- WORK INSTRUCTIONS -
Please print the line that holds "Our Diamond Celestial" and each line after it to the end of the data, word for word, without any pictures.

- DATA RECORDS -
● ● ● ● ● ● ●

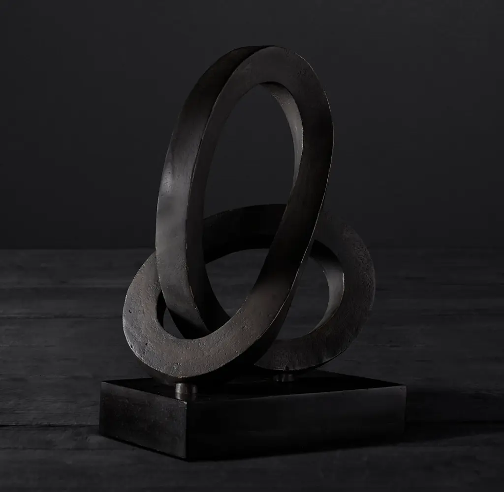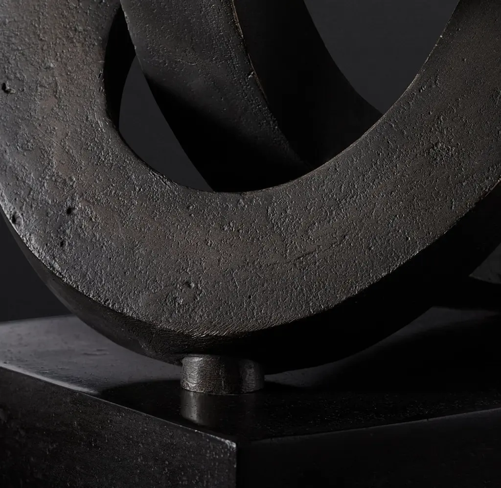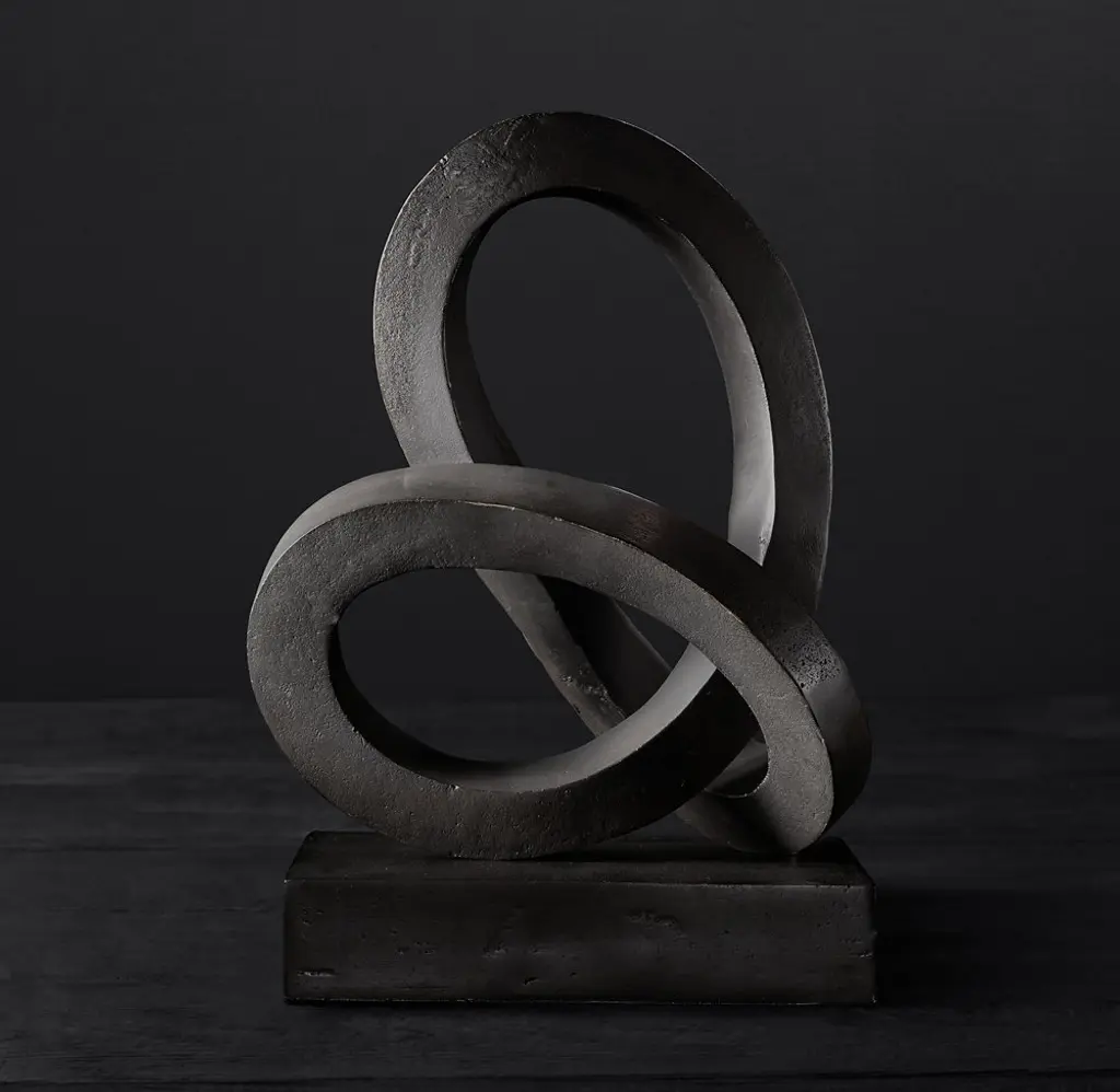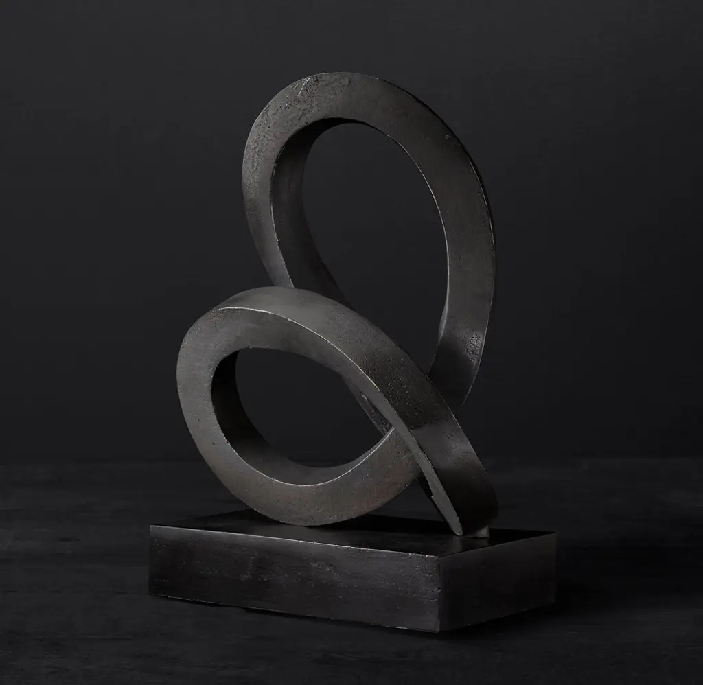 The timeless and contemplative infinity knot takes on a modern form in our abstract bronze sculpture. Crisp-edged, curving lines rise and turn around each other. The bronze finish is baked to achieve both highlights and deep hues, creating rich contrasts in the metallic surface.
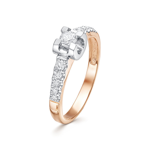 Блистательное кольцо из красного золота 585 пробы украшено 11 бриллиантами. Центральный камень и бриллиантовые дорожки эффектно подчеркнуты вставками из белого золота, дополняющих сияние драгоценных камней. Украшение удивляет своей изысканностью, красотой и сиянием. Приобретайте великолепное кольцо по выгодным ценам в магазинах Мир Золота.
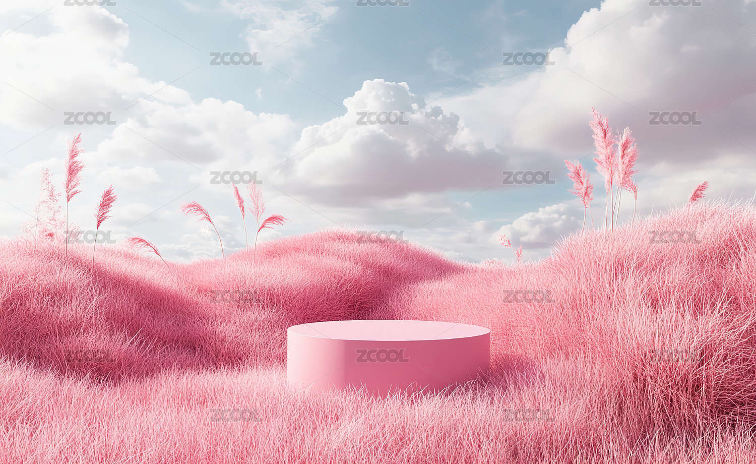 粉色圆台草地蓝天场景
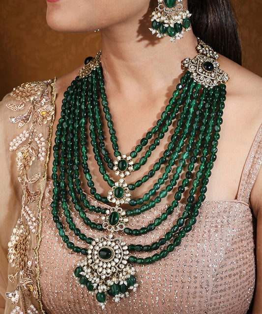 Layered Maharani Haar Necklace with Green Beads and Kundan Stone Pendant
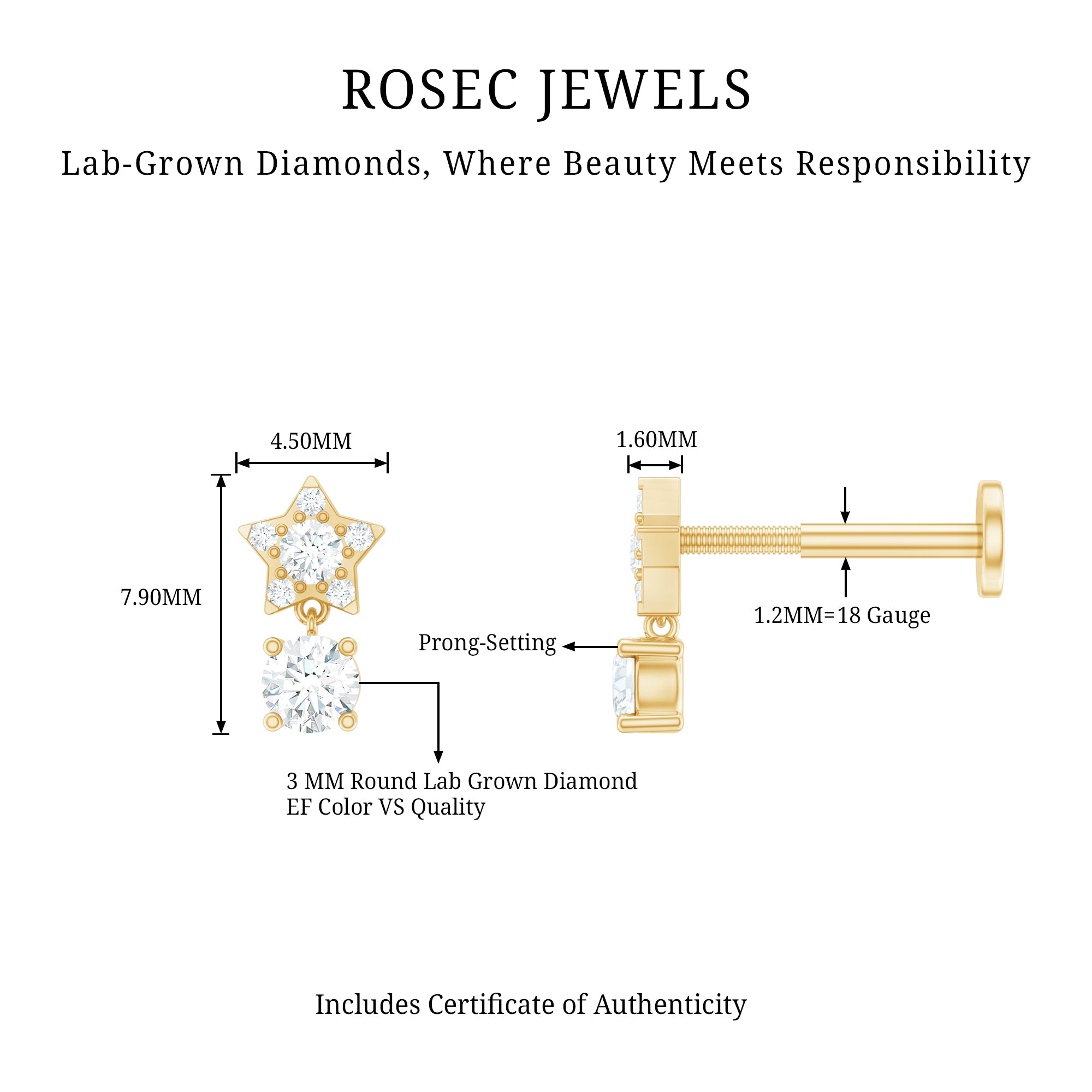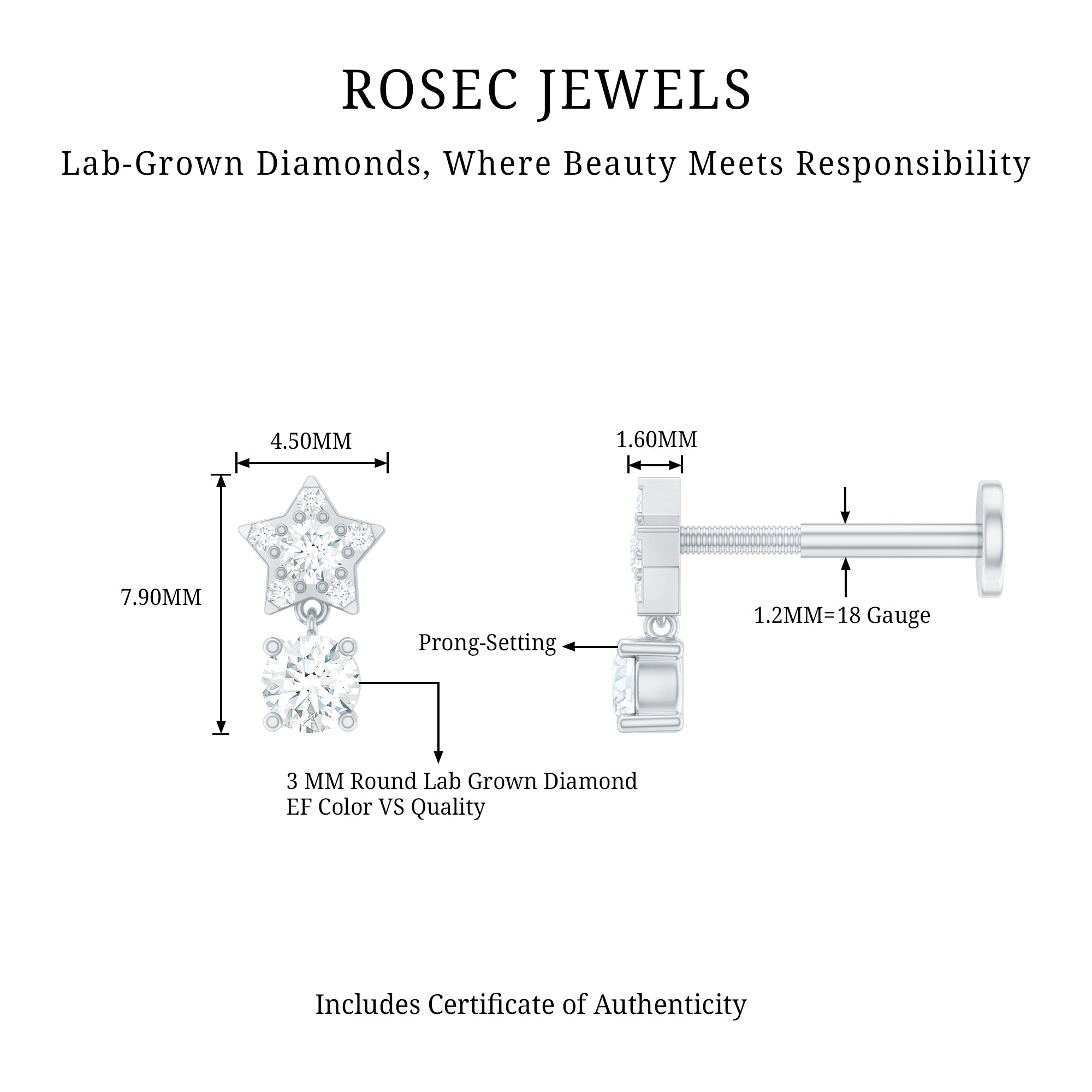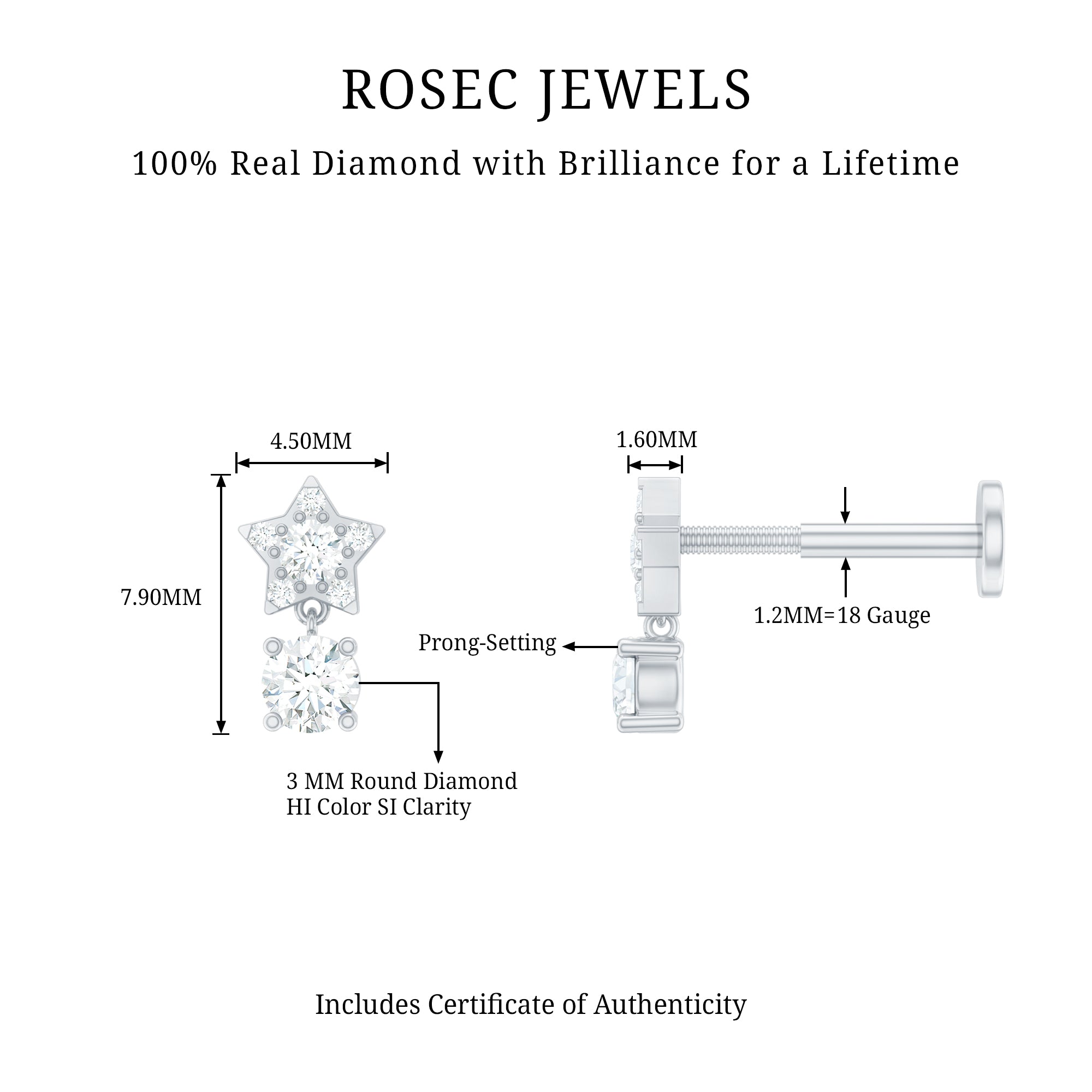 Our Diamond Celestial Star Earring, is destined just for you! A dazzling Round Diamond solitaire hanging as drop takes the center stage, while dainty Round Diamonds studded on the charming star design. This Piercing Earring strikes the perfect balance between understated chic and statement. Perfect fit for your Helix, Cartilage, Conch, Tragus, or Upper Lobe Piercing with this celestial adornment. Pair this elegant Celestial Earring with hoops to effortlessly elevate your style game with a stacked look. Make it a staple in your daily accessories rotation for a touch of celestial beauty, ensuring you a effortless charm every day.
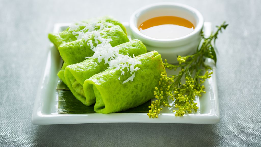 Dadar - crêpes de coco au pandan (indonésie) : une recette gourmande et raffinee qui seduit par ses saveur authentiques.

● ● ● ● ● ● ●

- WORKED SOLUTION -
 Our Diamond Celestial Star Earring, is destined just for you! A dazzling Round Diamond solitaire hanging as drop takes the center stage, while dainty Round Diamonds studded on the charming star design. This Piercing Earring strikes the perfect balance between understated chic and statement. Perfect fit for your Helix, Cartilage, Conch, Tragus, or Upper Lobe Piercing with this celestial adornment. Pair this elegant Celestial Earring with hoops to effortlessly elevate your style game with a stacked look. Make it a staple in your daily accessories rotation for a touch of celestial beauty, ensuring you a effortless charm every day.
 Dadar - crêpes de coco au pandan (indonésie) : une recette gourmande et raffinee qui seduit par ses saveur authentiques.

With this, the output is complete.